Until now, no further treatment options remain after tumour recurrence or
progressieve tumour growth during Temozolomide treatment. In a recent nation
wide Dutch study on the effect of Temozolomide treatment of 40 children with
recurrent ponsglioma after radiotherapy, survival after stop oral Temozolomide
varied from 3-9 months.
New therapies to ameliorate survivalof this tumour with grim prognosis are
urgently needed.
A high grade glioblastoma like pontine glioma is known for its high glucose
consumption. Glucose is also the preffered energy stubstrate of normal neurons
and glia but under fasting induced reductions of blood glucose these cells are
also able to meet their energy requirement by metabolizing ketone bodies. In
contrast, malignant brain tumour cells lack metabolic flexibility and for
energy supply depend on glucose. When the patient is treated with a ketogenic
diet (a high fat 70-90en% and low carbohydrate 5-19 en% diet) the glucose
supply (read; energy supply) of the brain tumour in fact is beiing sabotaged.
The ketogenic diet as treatment for refractory childhood epilepsy has proven
its safety and efficacy and is widely acceptated as treatment modality in this
patient group. There are two versions of the ketogenic diet widely used; the
classical form ( mainly in USA) and the MCT version of the diet (in Europe and
Netherlands). There is no difference in effect of the two diets.
The work of the group of Prof Seyfridt USA has shown a 35-65 % reduction of
braintumors on ketogenic diet in mousemodels with human braintumors A high
grade glioblastoma.

To establish the safety, feasibility and quality of life in children with
recurrent of progressive pontine glioma who receive a ketogenic diet during a
study period of 3 months

open label prospective pilot study (phase II)

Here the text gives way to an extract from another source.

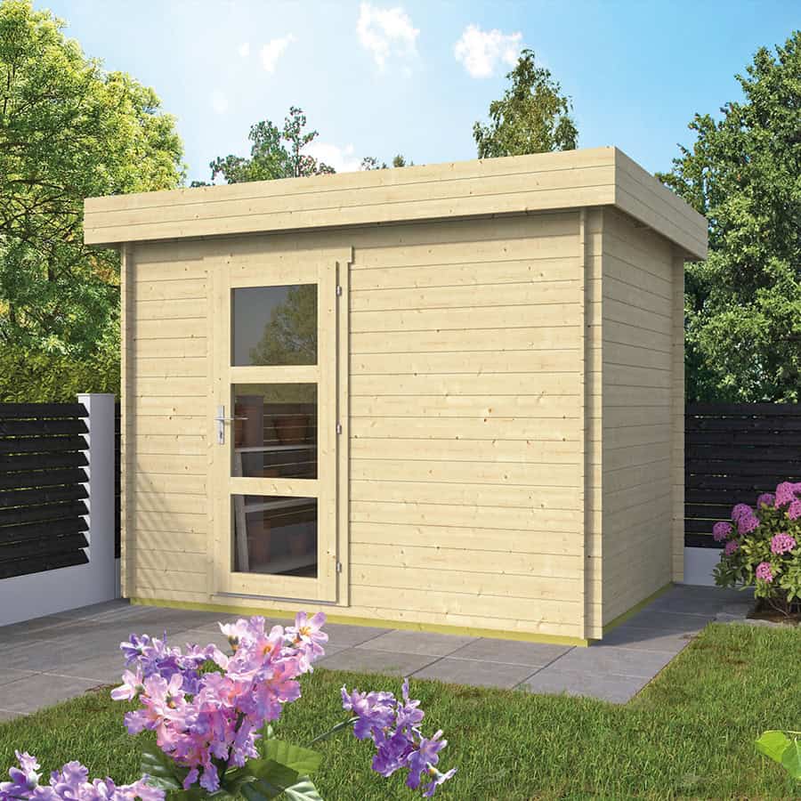 Casetta in Legno da giardino modello Novalie, composta da un’unica stanza, raggiungibile tramite elegante porta ad anta singola finestrata.

Ketogenic diet (first Classical version of the diet with shakes , soups and
smoothies) after that the MCT version of the diet

The child has to use a stadaridized Ketocal formula for max of 2 weeks or until
adequate level of ketosis (3-4+ blood ketones) is achieved. The ketocal formula
consist of exchanges of shakes, soups and smoothies matching the individually
calculated energy need of the child based on the results of a Indirect calorie
measurement and a 3-days pre-diet food diary. At time of adequate and stable
ketosis the child is allowed to substitute the shakes of soups into
individually calculated meals based on the MCT version of the ketogenic diet.
Growth curve will be monitored closely.
Bloodglucose and bloodketones will be measured daily by parents until adequate
and stable ketosis (3-4+) is reached and after that once a month.

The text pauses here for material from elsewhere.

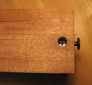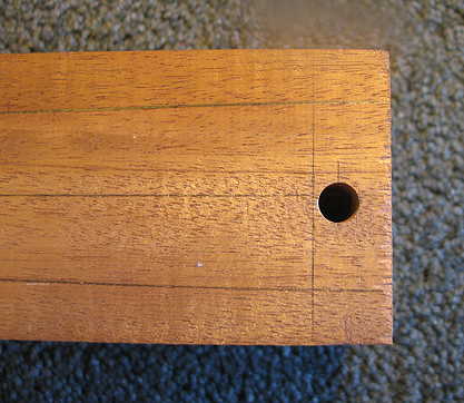 This part took a lot of figuring, because I had to figure out exactly how far from the end of the neck I had to place the barrel nut, based on how far out of the soundbox the bolt would extend. I also had to figure out exactly how deep to drill the barrel nut hole, so it would sit at just the right position to meet the bolt.

Questionnair quality of life and Vineland behaviour scale will be noted at
start of the study in outpatient clinic and at end of the study at home.

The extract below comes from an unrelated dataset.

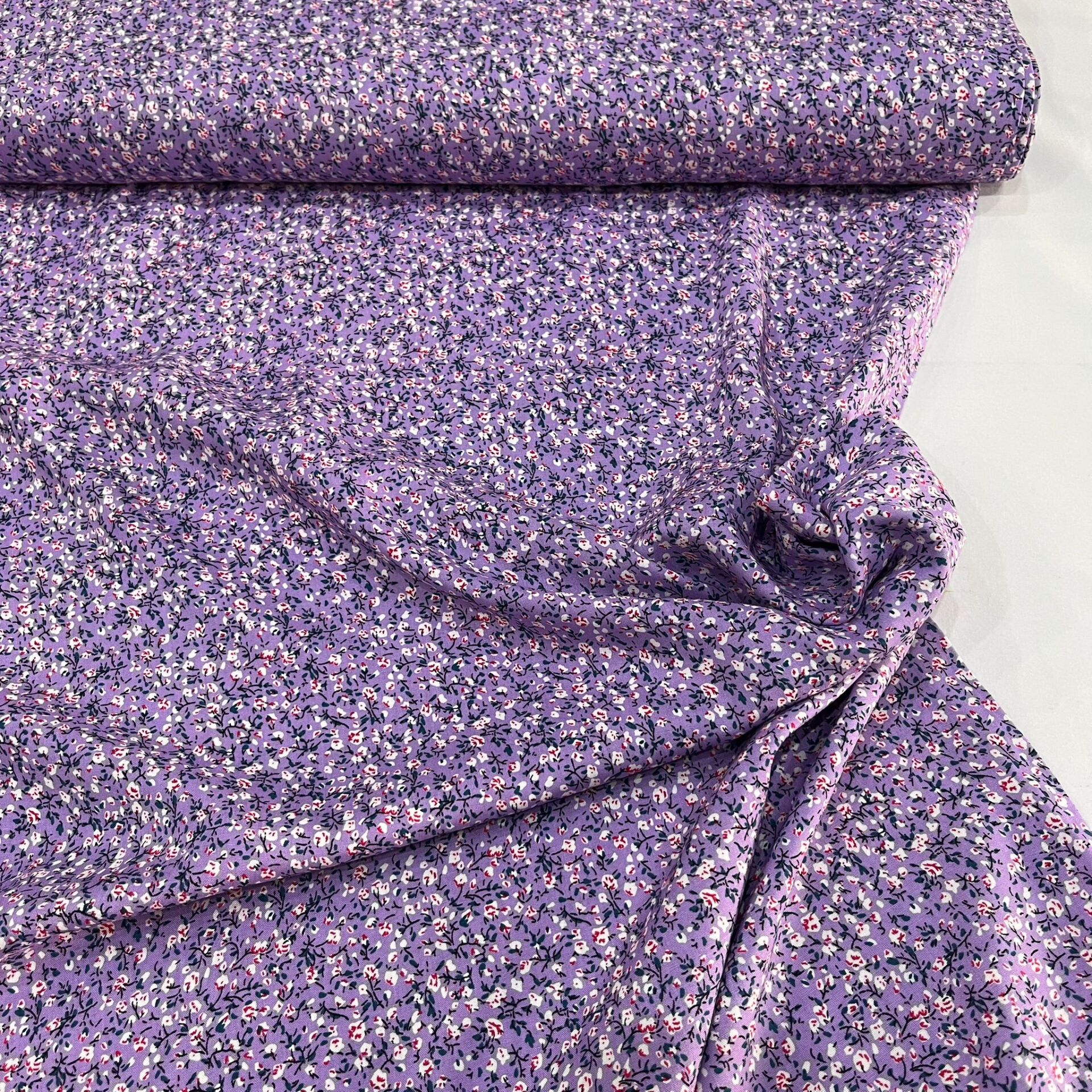 Lila Minik Çiçek Bahçesi Viskon Kumaş,elbise yapımı için uygun, ancak şalvar ve pijama gibi rahat kıyafetler de dikilen kumaştır. Gömlek ve bluz yapımı için de bu viskon kumaşın tercih edildiği bilinmektedir.Pamuklu olması sebebiyle terletme yapmaz.Yazlık elbisesi veya plaj elbisesi dikmek ve diktirmek isteyenler için ideal bir kumaştır.

Adverse effects related to the diet will be noted on a questionnaire and
communicated by mail or telephone by parents. In case of problems and worries
parents can contact the nurse practioner by mobile phone. When necessary the
nursepractioner will contact the dietitian or paediatric neurologist.
The child follows the diet as long as the child and parents want until the end
of the study periode of 3 months which adequate ketosis (3-4+ bloodketones) is
maintained.
Based on the results of this study the search for treatment therapies in
malignant and progressive brain tumours hopefully will set up new ways.